Geoff's Woodworkfor Students of Woodwork
Preparing Timber Part 2 Now we need to square up the face’s edge. This is the edge that the face points to, i.e. towards the operator. Plane the edge square to the face and correct any minor direction of the grain. The grain direction should where possible run parallel with the edge. When this is done, test with the Square and the length with a rule or straight edge. It should be square, flat, i.e.. no bow or hollow visible under the rule and free from wind. This check meeting your satisfaction, place the symbol of the face edge, a cross on the edge. ![]()
We now have a board with a face and edge flat, with a square edge and we can continue to prepare it using these faces to measure, mark and work from.

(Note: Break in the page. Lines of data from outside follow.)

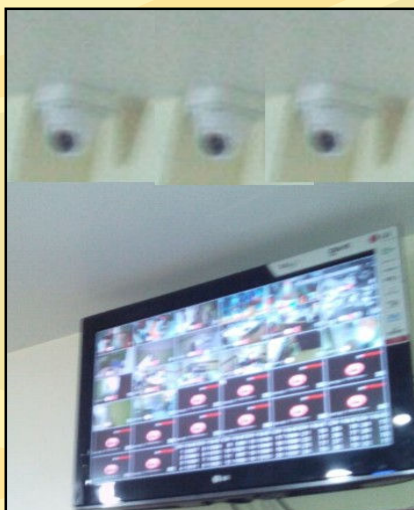
Campus under CC TV Surveillance
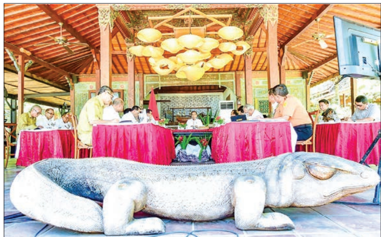
Indonesian President Joko "Jokowi" Widodo chairs a Cabinet meeting in the town of Labuan Bajo in eastern Indonesia on 20 January 2020.

Komodo National Park, which includes Komodo, Padar and Rinca islands and numerous smaller ones, was declared a World Heritage site in 1986. The Komodo Biosphere Reserve was accepted under the UNESCO Man and the Biosphere Program in 1977. — Kyodo News ■
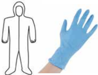
Coveralls & Gloves
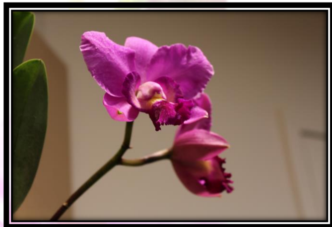
Lc. Carmela's Tropical Beauty "Hawaii"
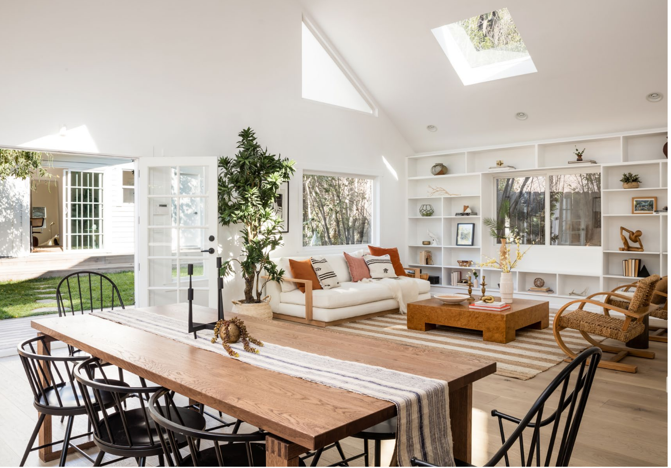
VENICE RESIDENCE – Modern addition for traditional bungalow
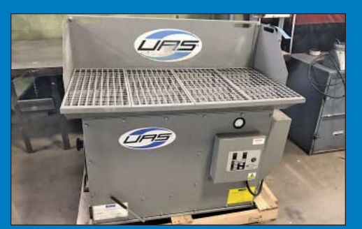
24" x 48" UAS Model VP-1500 Downdraft Grinding Bench (2008)
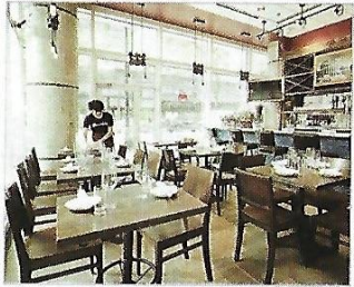
L'Aventino Forno Romano
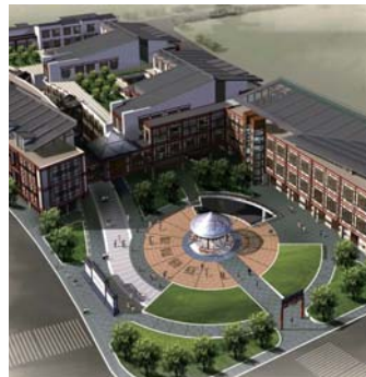
Dragon Gate Mall 豫龙坊 Investment Services, Retail Advisory & Asset Management 投资服务、零售商业定位顾问及 资产管理 (36,000 sq m / 平方米)
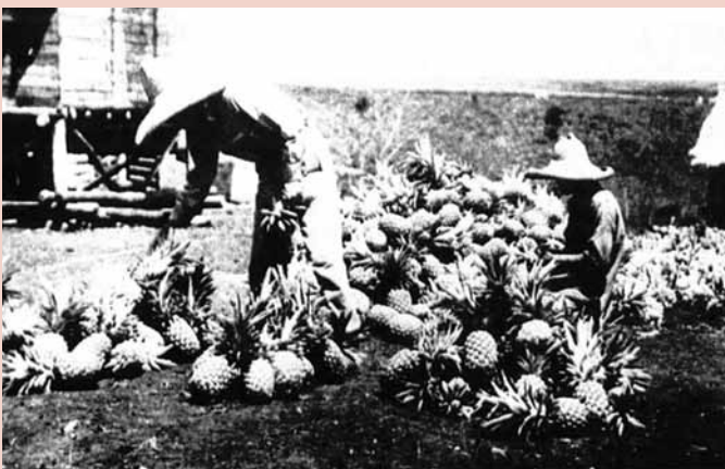
Experimental plot in Diklum (Bukidnon), 1926. Pineapple crowns from plot were gathered and planted as initial seeds.
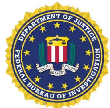
Special Agent Active Field Agent FBI
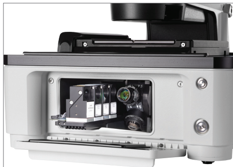
Easy access to filter/LED cubes and objectives.

See www.biotek.com for complete list of accessories.

Next we want to get the board to the correct length, although on some occasions it is prudent to leave this to a later stage and take the dimension off the carcase or other set length. On this occasion we will trim it to the designed length. If it is much longer than needed, then share out the length between the waste areas so that we can avoid any dried out end grain that may have shakes or batch markings. Use a marking knife for hardwoods or at least a sharp H2 pencil together with a carpenters square.
If you use pencils, ensure that it is a thin, single line to avoid any debate where the shoulder or edge lies. The thicker the line the greater the chance of error. If there is enough material we should use a cross cut saw but leave enough on to finish with a hand plane. Use the plane to remove the material down to the line. Always plane into the middle of the wood and never over the end or otherwise the timber splits or splelches. Some woodworkers use a sacrificial piece of wood cramped at the end to prevent this. Hard woods prefer a block plane and some more delicate timbers require a low angled block plane.

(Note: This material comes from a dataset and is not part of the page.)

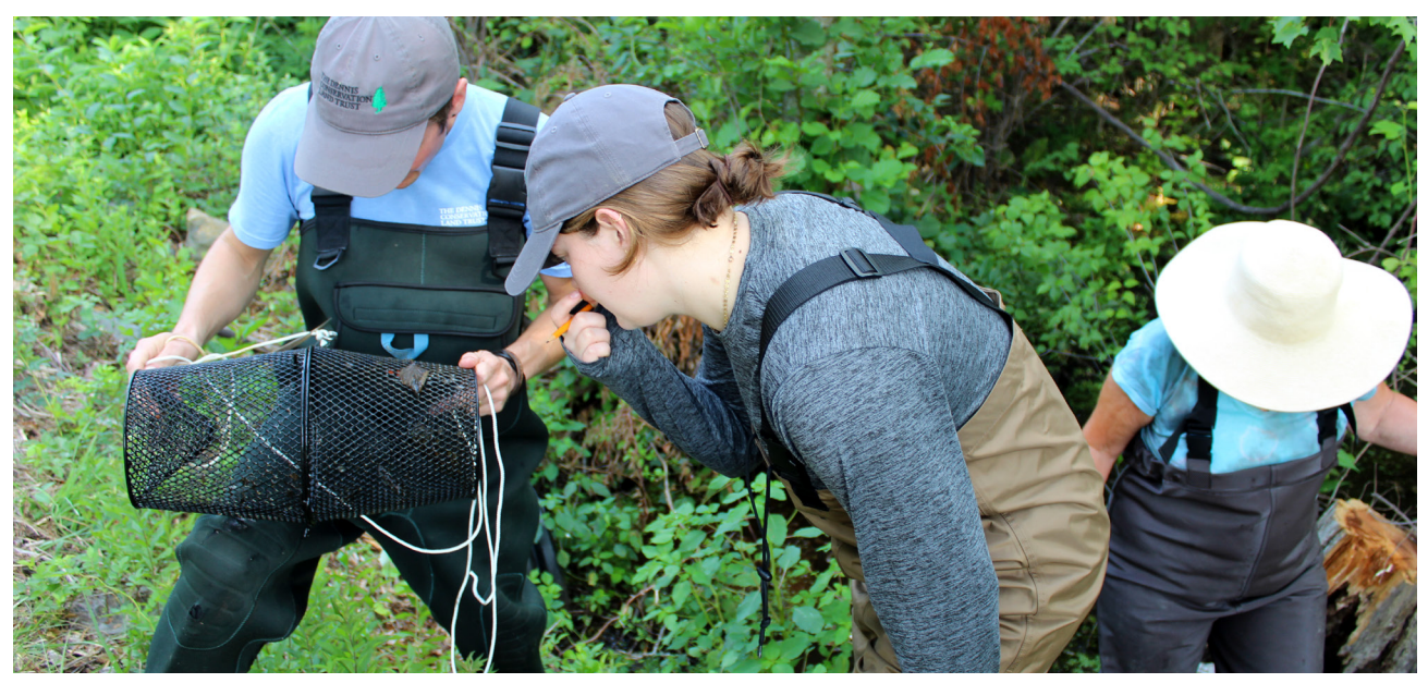
Sampling the upper Creek by Howes Pasture.

When COVID first hit in March of 2020 during my senior year of high school, my peers and I were left feeling directionless. I remember sitting in my kitchen with my mom as we got the news that we'd get a two-week extended vacation, which quickly turned into a month, and then turned into the rest of the year being virtual. The stress and sadness and uncertainty of that time as a student was constant. Not to mention that the pandemic overlapped with the release of college decisions, pushing students to make decisions about our futures when we had no possible way of knowing what the world would look like the next week, let alone in the fall, or four years ahead.

We now want to bring the board to the correct width.
It is done after truing the end grain so that any accidental spelching may be removed with the surplus width taking any unfortunate abuse. The width is best done before thickening because the greater thickness will just help us keep the plane square to the face. Set the marking gauge or possibly a 'panel gauge' (for wider boards) and mark both sides of the board from the face edge to maintain parallelism. Reduce the width with saw and complete with a Bench Plane, usually the Jack (No 5 or 6). Take care to keep this edge square.
We set the amount to thickness
using the marking gauge again set up from the rule or known board. Take care when using this gauge, it is quite difficult to use at first. It is best if the point is trailed across the timber, i.e.. facing away from the direction of travel.
The marking gauge should only be used along the grain. It may be used along the end grain but must not be used across the grain otherwise the grain will tear. Work always with the stock (probably with brass facings) against the face side. Use light strokes, they can be repeated until deep enough.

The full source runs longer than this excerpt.